“Nothing is ruled out.” President Emmanuel Macron said it on Sunday, and Prime Minister Élisabeth Borne repeated his words in the French Senate on Wednesday. The delivery of French-made heavy tanks to Ukraine is still officially discussed between the two countries. Likewise, there are still official doubts.
Now that Germany has changed tack, the question is all the more pressing for France: will it follow other Western countries in their military support for Ukraine by supplying its own Leclerc tankers?
The decision will be made one of these days, Armed Forces Minister Sébastien Lecornu announced on Wednesday evening. But, he added, the main expectations are not focused on Leclerc. “The reality is that the Ukrainians make different requests to us than the Leclerc tank.”
Pension reform
Compared to Germany, the internal pressure in France to come across with heavy tanks has so far been less strong. The domestic agenda is dominated by the announced pension reform, and the political opposition – from the far right to the radical left – is reluctant to arms shipments. Rassemblement national, the largest opposition party in parliament, has emphasized since the beginning of the war that the French should not bear the costs of that war. The left mainly warns that France should not appear to be a party to the conflict.
The French doubt can also be explained in several ways. President Macron sets three conditions for the delivery of French heavy tanks: it must not provoke an escalation, the aid must actually contribute something, and the delivery must not jeopardize France’s own defense capacity.
The latter is a critical point: the French Leclerc has not been produced since 2008. Currently, the country still has 220 of these tanks. What France supplies, therefore, is deducted from its own consumption stock. And that is already very limited, as was established last year in a parliamentary report on military capacity.

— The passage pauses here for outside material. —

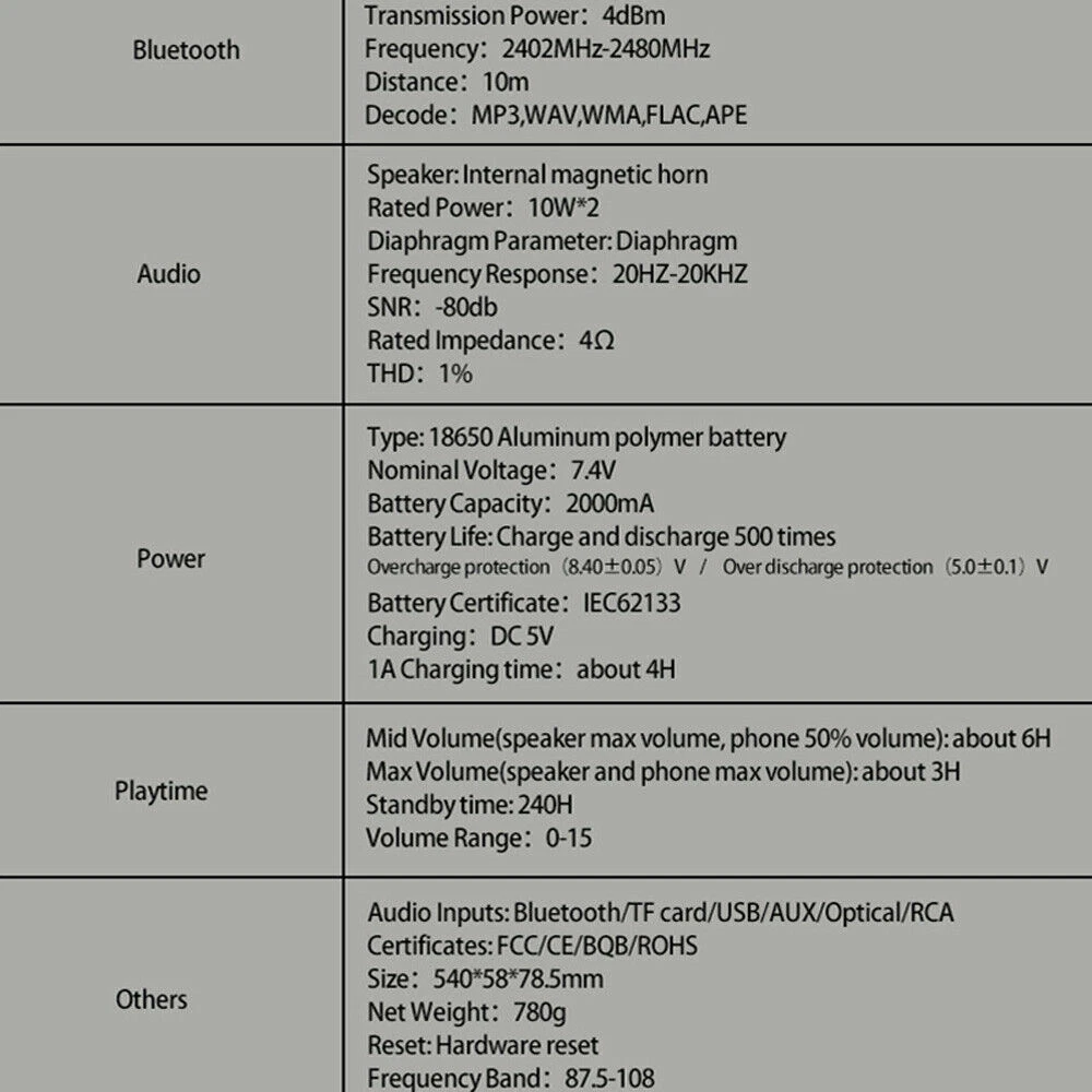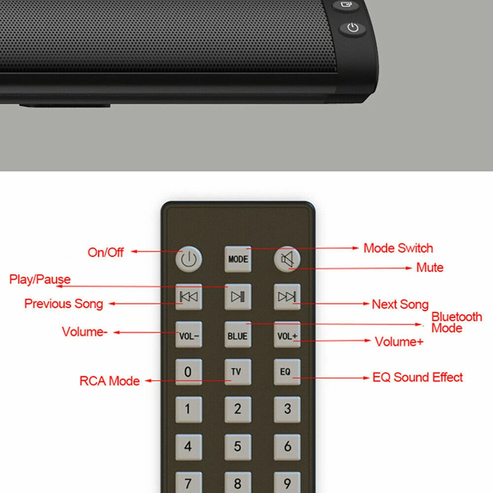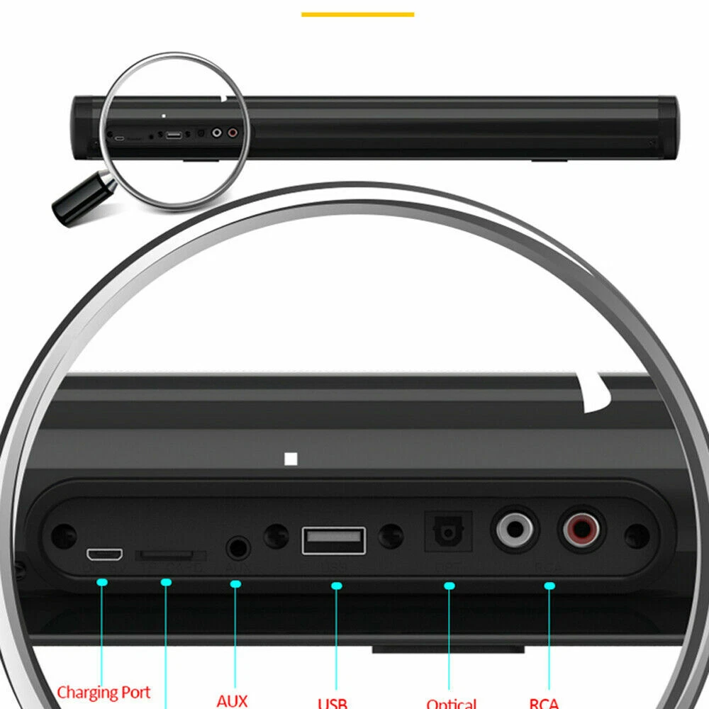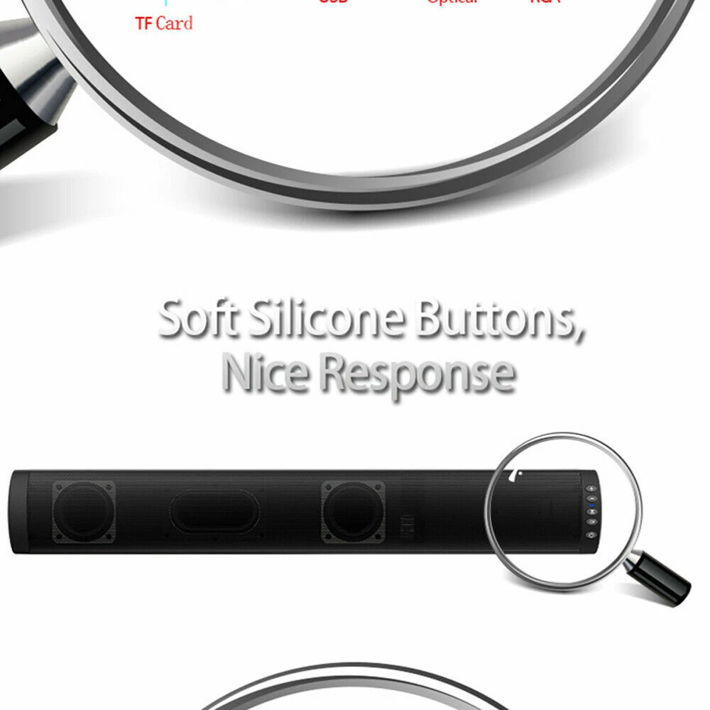 Store category You may also like TV Home Theater Soundbar Wireless Sound Bar Speaker System Subwoofer With Remote DESCRIPTION Description 1. 2 high-power speakers to help you get more powerful effect when playing music or movie 2. Support Bluetooth connection, fully compatible with most kinds of Bluetooth devices, wireless playing, do follow your heart. 3. You can also play the audio of your phone or other device via the audio cable. 4. Built-in DSP sound processor with clear sound and no noise. 5. Simple connection, easy to operate. 6. Multi-function can help you get different ways of experience 540MM Speaker Bluetooth version: V5.0 Speaker power: 10W x 2 Battery type: 18650 aluminum polymer battery Battery capacity: 2000mAh Use time: about 6 hours Rated voltage: 7.4V Overcharge protection (8.40±0.05) V Over discharge protection (5.0±0.1)V Frequency response: 20Hz-20KHz Transmission frequency range: 2402MHz-2480MHz Signal to noise ratio: ±80db Transmission distance: 8-10m Built-in radio: external antenna receiver Receiving audio segment: 87.5-108 Support TF card audio input Support 3.5mm audio input Support Remote control Support Fiber/RCA Does not support hands-free Support Hanging/Flat way With radio function 20. Weight: 780 g Colour: Black Material: PVC Size: 540*58*78.5mm Only the above package content, other products are not included. Note: Light shooting and different displays may cause the color of the item in the picture a little different from the real thing. The measurement allowed error is +/- 1-3cm. Package Contents: 1 x Speaker 1 x Remote Controller 1 x Charging Cable 1 x 3.5mm audio cable 1 x OPT cable 1 x RCA cable 2 x Wall screw 1 x User Manual Payment Delivery details return policy feedback Contact us Payment 1.We accept PayPal only. 2.All major credit cards are accepted through secure payment processor PayPal. 3.We ship to your eBay or Paypal address. Please make sure your eBay and Paypal address is correct before you pay. Delivery 1.We ship to your eBay or Paypal address. Please make sure your eBay and Paypal address is correct before you pay. 2.Items will be shipped within 1 business day when we received payment. 3.Delivery time depends on destination and other factors; 4.International buyers please note: a.Import duties, taxes and charges are not included in the item price or shipping charges. These charges are buyer’s responsibility. We will try our best to reduce the risk of the custom duties. b.Please check with your country's customs office to determine what these additional costs will be prior to

Doubts about effectiveness
The effectiveness of the Leclerc in Ukraine is also openly doubted. Supplying fuel and ammunition is a complicated logistical operation, as is the associated maintenance. This also applies to German and American tanks, but considerably more tanks of the German Leopard are available on European territory (about two thousand). Within Europe, France is the only country that has the Leclerc. “The exchange between French and Ukrainian experts is ongoing, especially to estimate the cost-benefit ratio of such a delivery,” the daily was quoted as saying. The world an “official source” on Thursday.
Earlier this month, Macron already promised the delivery of a lighter type of French-made armored car, the AMX-10 RC. This was presented as an important step: never before has such heavy Western European equipment been sent to the battlefield in Ukraine. Ukrainian Defense Minister Oleksii Reznikov also emphasized the importance of that delivery again in the newspaper on Wednesday Le Figaro. Reznikov suggested that France had started the process of supplying heavy tanks from the West. Should France go further in this, the minister added, it can of course count on the best possible reception from the Leclercs.
French Foreign Minister Catherine Colonna arrived in the Ukrainian port city of Odesa on Thursday, where she will meet her Ukrainian counterpart Dmytro Kuliba. They will talk about military aid “appropriate to Ukraine’s needs,” Colonna announced. She emphasized that President Zelensky “for obvious reasons” would not have asked for Leclercs, referring to logistics, maintenance and stock. According to the French minister, Ukraine has wanted “since the beginning” the German Leopard 2, which Berlin promised to deliver on Wednesday.